北京生物医学工程
北京生物醫學工程
북경생물의학공정
BEIJING BIOMEDICAL ENGINEERING
2014年
3期
264-268
,共5页
邹亮%李骜%韩燕%冯焕清%王明会
鄒亮%李驁%韓燕%馮煥清%王明會
추량%리오%한연%풍환청%왕명회
蛋白激酶%磷酸化%贝叶斯决策理论%生物信息学
蛋白激酶%燐痠化%貝葉斯決策理論%生物信息學
단백격매%린산화%패협사결책이론%생물신식학
protein kinase%phosphorylation%Bayesian decision theory%bioinformatics
通过提出一种新颖的生物信息学算法,以准确识别已知磷酸化位点的蛋白激酶信息,进而解决蛋白激酶的信息缺乏问题。方法根据人类激酶的聚类规则,首先从最新版本的磷酸化数据库Phospho.ELM(9.0)中提取出激酶特异性的磷酸化数据,构建用于激酶识别的数据集。然后基于贝叶斯决策理论,分析阳性数据和阴性数据中磷酸化位点附近的氨基酸分布规律,进而给出相应的统计模型并使用留一法对模型进行评估。结果对 MAPK、PKA 和 RSK 3个激酶家族的测试表明,在假阳性率不超过1%的高置信度水平下,激酶识别的准确率分别达到了23%、24%和33%。同时,该算法的识别结果明显优于 KinasePhos、Netphosk 等蛋白质磷酸化位点预测方法。结论本文提出的基于贝叶斯决策理论的磷酸化位点激酶信息识别算法可有效提高对已知磷酸化位点的蛋白激酶识别性能,有助于理解蛋白质磷酸化的生物机制。
通過提齣一種新穎的生物信息學算法,以準確識彆已知燐痠化位點的蛋白激酶信息,進而解決蛋白激酶的信息缺乏問題。方法根據人類激酶的聚類規則,首先從最新版本的燐痠化數據庫Phospho.ELM(9.0)中提取齣激酶特異性的燐痠化數據,構建用于激酶識彆的數據集。然後基于貝葉斯決策理論,分析暘性數據和陰性數據中燐痠化位點附近的氨基痠分佈規律,進而給齣相應的統計模型併使用留一法對模型進行評估。結果對 MAPK、PKA 和 RSK 3箇激酶傢族的測試錶明,在假暘性率不超過1%的高置信度水平下,激酶識彆的準確率分彆達到瞭23%、24%和33%。同時,該算法的識彆結果明顯優于 KinasePhos、Netphosk 等蛋白質燐痠化位點預測方法。結論本文提齣的基于貝葉斯決策理論的燐痠化位點激酶信息識彆算法可有效提高對已知燐痠化位點的蛋白激酶識彆性能,有助于理解蛋白質燐痠化的生物機製。
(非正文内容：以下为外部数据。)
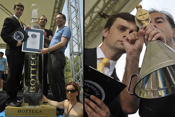 Producatorul Italian de lichioruri, Distilleria Bottega a stabilit un nou Guinness World Record pentru cea mai mare sticla de grappa din lume, Grappa este un lichior din tescovina (boasca sau prastina in limbaj traditional) de struguri, cu un continut de alcool intre 35 si 60%. Sticla produsa de artizanii de la Distilleria Bottega are 1,86 metri inaltime si contine 138 de litri de prosecco grappa. Reprezentantii Guinness World Records au masurat sticla si au fost martorii umplerii acesteia cu lichior in regiunea Sant’Artemio Park din Treviso, in prezenta a 6.000 de participanti. Pregatirea sticlei a durat 8 luni, 200 de ore de munca si maiestria a sase artizani ai sticlei venetieni. Presedintele Distilleria Bottega, Sandro Bottega a dedicat sticla cu diametrul de 25 cm, circumferinta de 110 cm si 5 cm grosime, Provinciei Treviso pentru a promova cultura culinara a regiunii.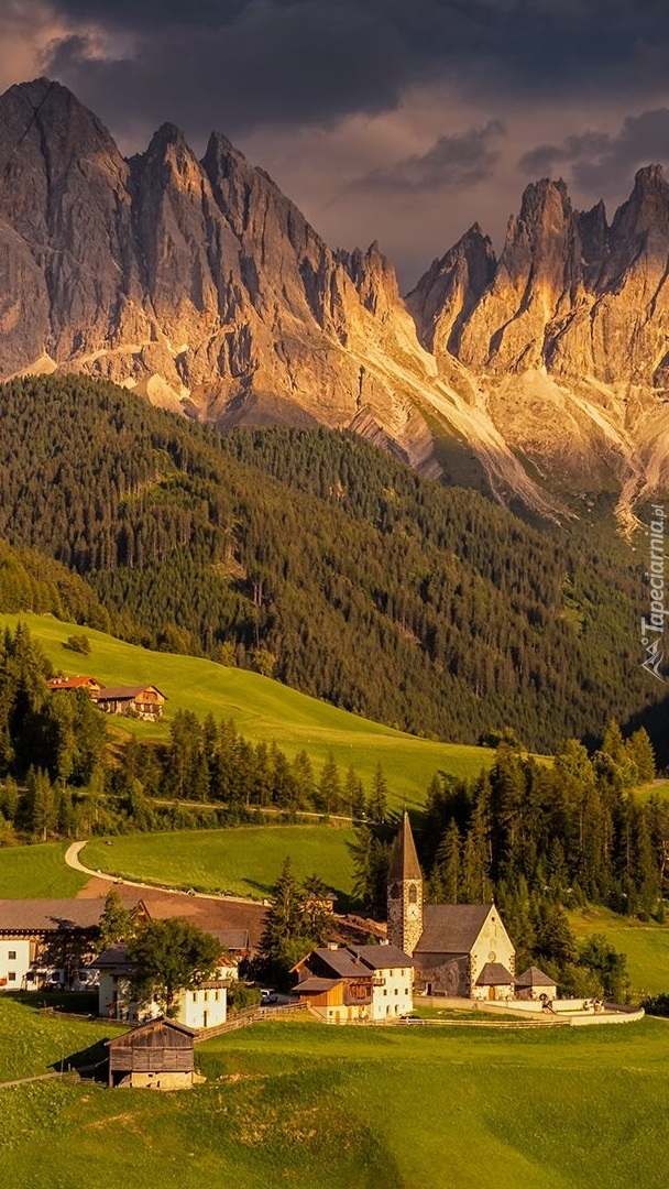 Edytor tapety: Kościół na tle rozświetlonego masywu Odle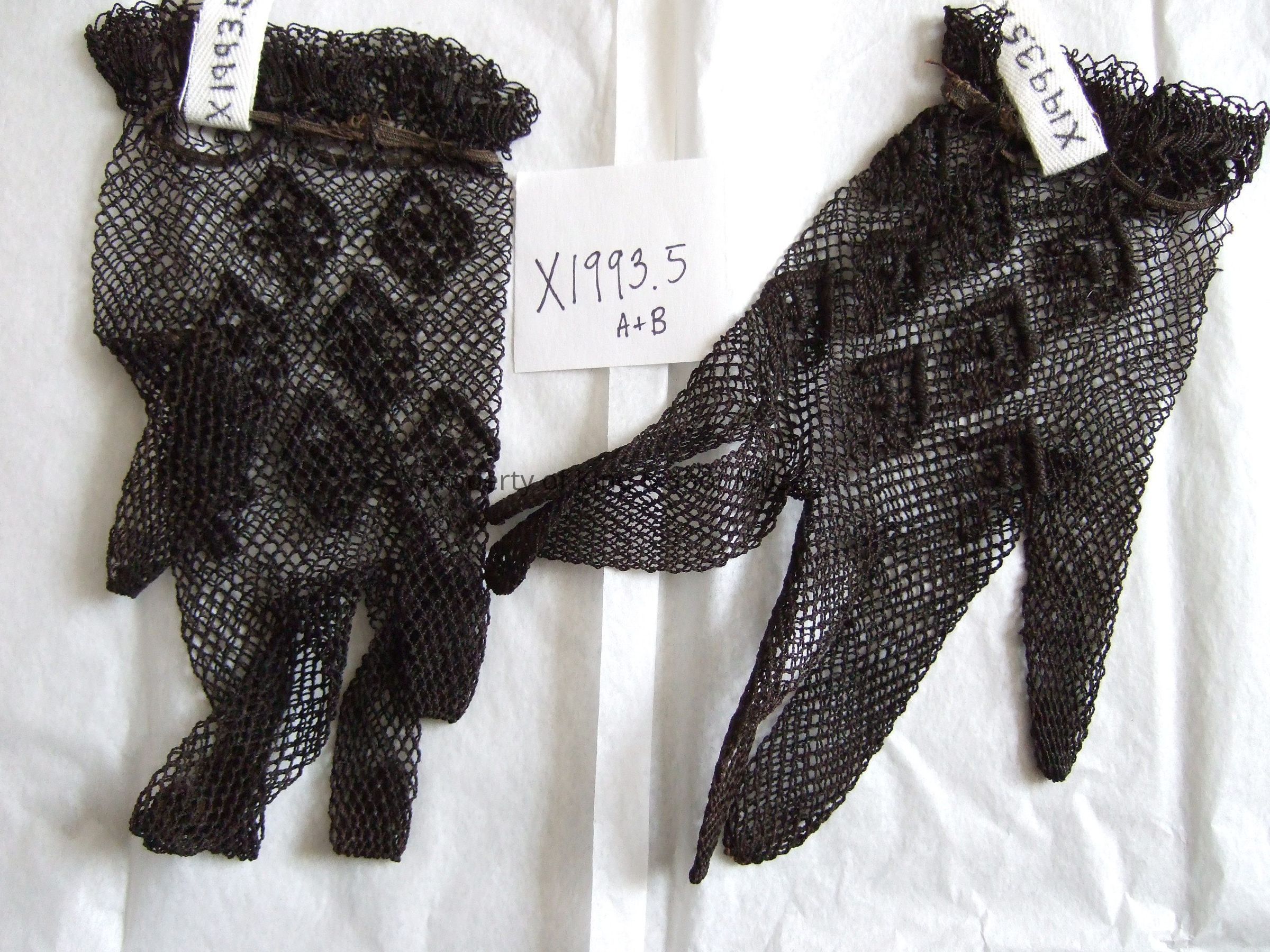 A pair of black fishnet ladies gloves with knit diamond pattern on back of hand and brown cord around wrists.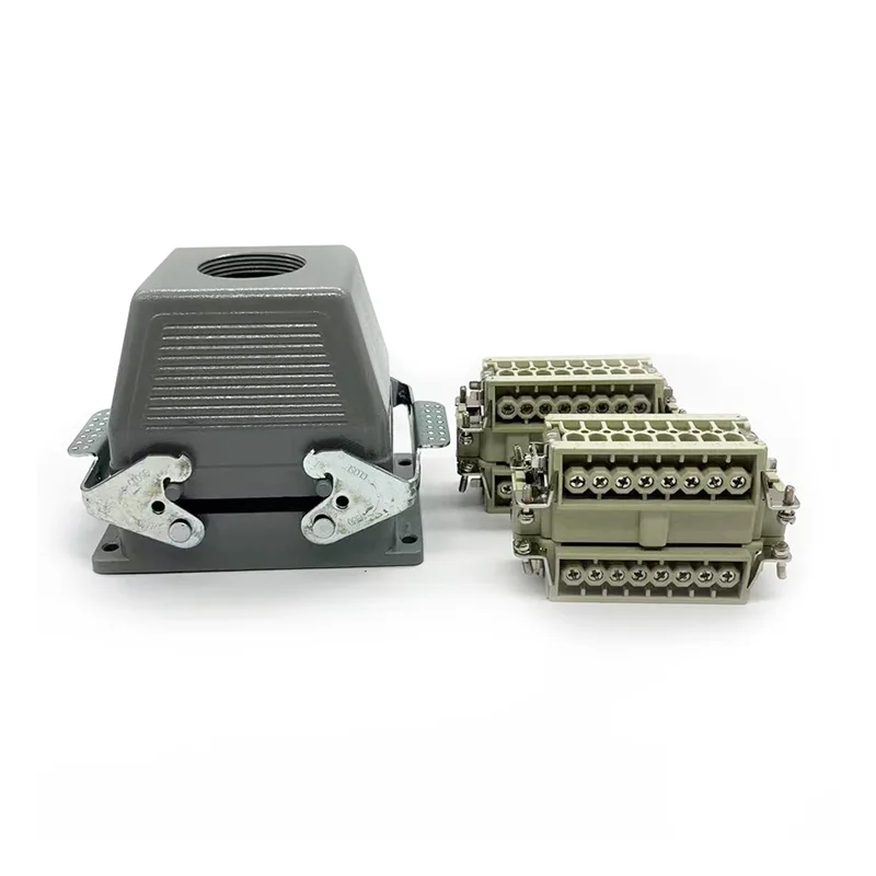 32 Pin TG Heavy Duty Connectors များသည် အမျိုးသား ထိပ်တန်း အိမ်ရာ အစိတ်အပိုင်း ဖြစ်သည် ပုံမှန်အားဖြင့် ၎င်းကို HE-016-M အပိုင်းနှစ်ပိုင်းဖြင့် ပြင်ဆင်ထားသော်လည်း အချို့သော အထူးဝယ်ယူသူများ၏ တောင်းဆိုချက်မှာ HE-016-F အပိုင်းနှစ်ပိုင်းဖြင့် စုစည်းထားခြင်းဖြစ်သည်။ ၎င်းသည် HSB-016 အတွက်အိမ်ရာလည်းဖြစ်သည်။ IP65 ရေစိမ်ခံသောအင်္ဂါရပ်က ၎င်းကို ပြင်ပတွင်သုံးနိုင်သည့်အရာဖြစ်သည်။ 32 Pin TG Heavy Duty Connectors များသည် PG29 နှင့် ကိုက်ညီပါသည်။ အကယ်၍ သုံးစွဲသူများသည် မတူညီသော cable gland အရွယ်အစား တောင်းဆိုမှုများရှိပါက၊ ကျွန်ုပ်တို့ လက်ခံပြီး ထုတ်လုပ်ရန် အမိန့်ပေးနိုင်ပါသည်။

통과제출일충신영적생물신식학산법,이준학식별이지린산화위점적단백격매신식,진이해결단백격매적신식결핍문제。방법근거인류격매적취류규칙,수선종최신판본적린산화수거고Phospho.ELM(9.0)중제취출격매특이성적린산화수거,구건용우격매식별적수거집。연후기우패협사결책이론,분석양성수거화음성수거중린산화위점부근적안기산분포규률,진이급출상응적통계모형병사용류일법대모형진행평고。결과대 MAPK、PKA 화 RSK 3개격매가족적측시표명,재가양성솔불초과1%적고치신도수평하,격매식별적준학솔분별체도료23%、24%화33%。동시,해산법적식별결과명현우우 KinasePhos、Netphosk 등단백질린산화위점예측방법。결론본문제출적기우패협사결책이론적린산화위점격매신식식별산법가유효제고대이지린산화위점적단백격매식별성능,유조우리해단백질린산화적생물궤제。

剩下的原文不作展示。